▶ WHAT NEEDS TO BE DONE
Once you reach the line with "LE PAYS ROUSSILLONNAIS", transcribe it and every line after it to the end of the records, exactly, but not the pictures.

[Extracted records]

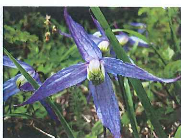
▲ブルークレマチス(センニンソウ)
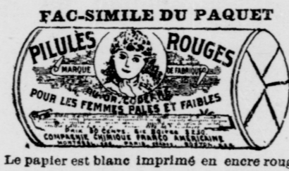
Le papier est blanc imprimé en encre rouge.

COMPAGNIE CHIMIQUE FRANCO-AMERICAINE, No 274 rue St Denis, Montréal.
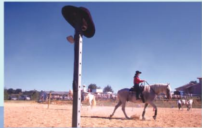
LE PAYS ROUSSILLONNAIS A PIED OU A CHEVAL, LA DÉCOUVERTE AU RENDEZ-VOUS
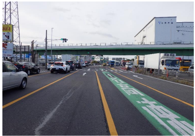
交通事故現場の状況 (乗用車の進行方向から撮影したもの)
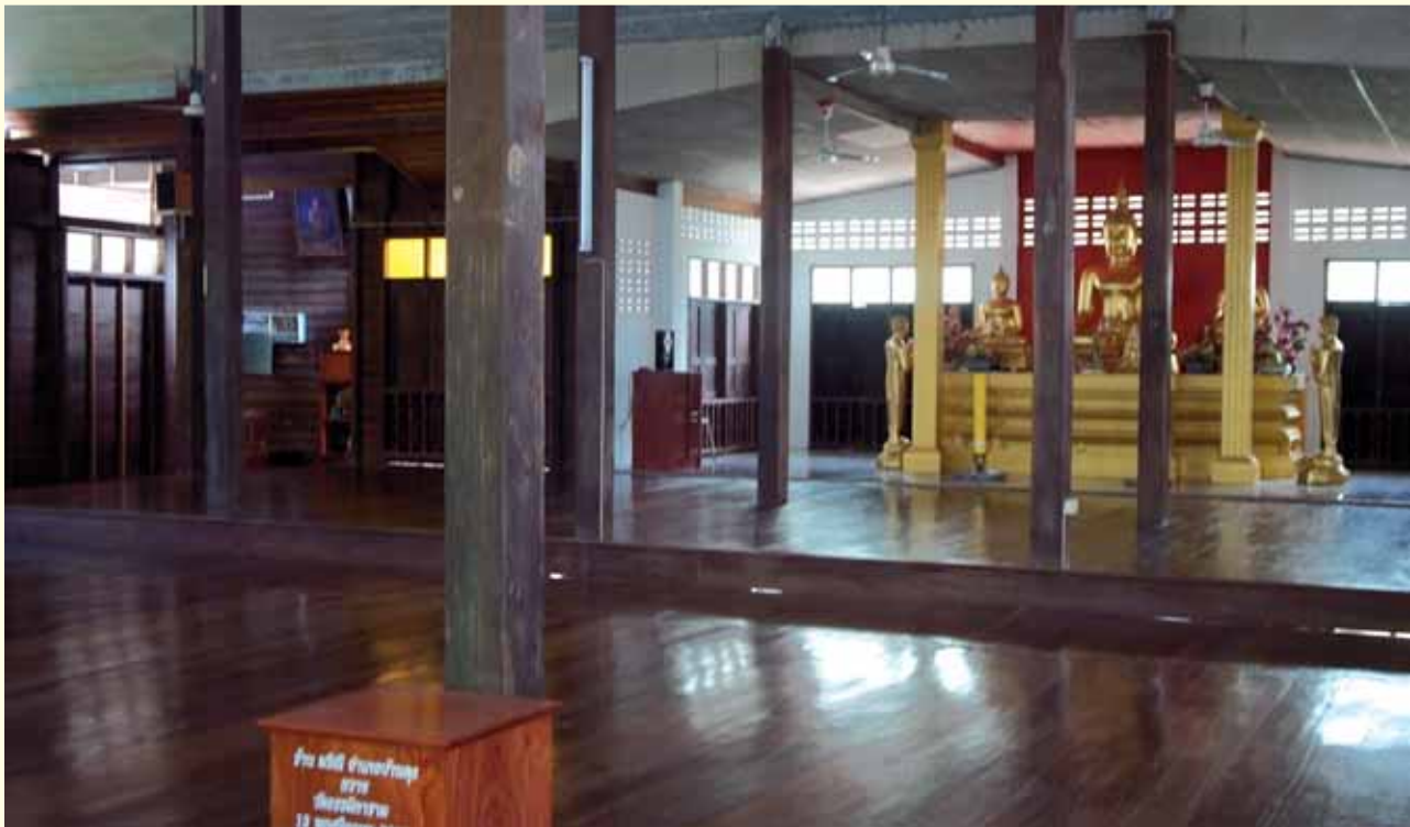
พระประธานภายในศาลา วัดธรรมิการาม ที่หลวงปู่อ่อนศรี จานวโร เป็นผู้สร้าง

▶ ANSWER
LE PAYS ROUSSILLONNAIS A PIED OU A CHEVAL, LA DÉCOUVERTE AU RENDEZ-VOUS
交通事故現場の状況 (乗用車の進行方向から撮影したもの)
พระประธานภายในศาลา วัดธรรมิการาม ที่หลวงปู่อ่อนศรี จานวโร เป็นผู้สร้าง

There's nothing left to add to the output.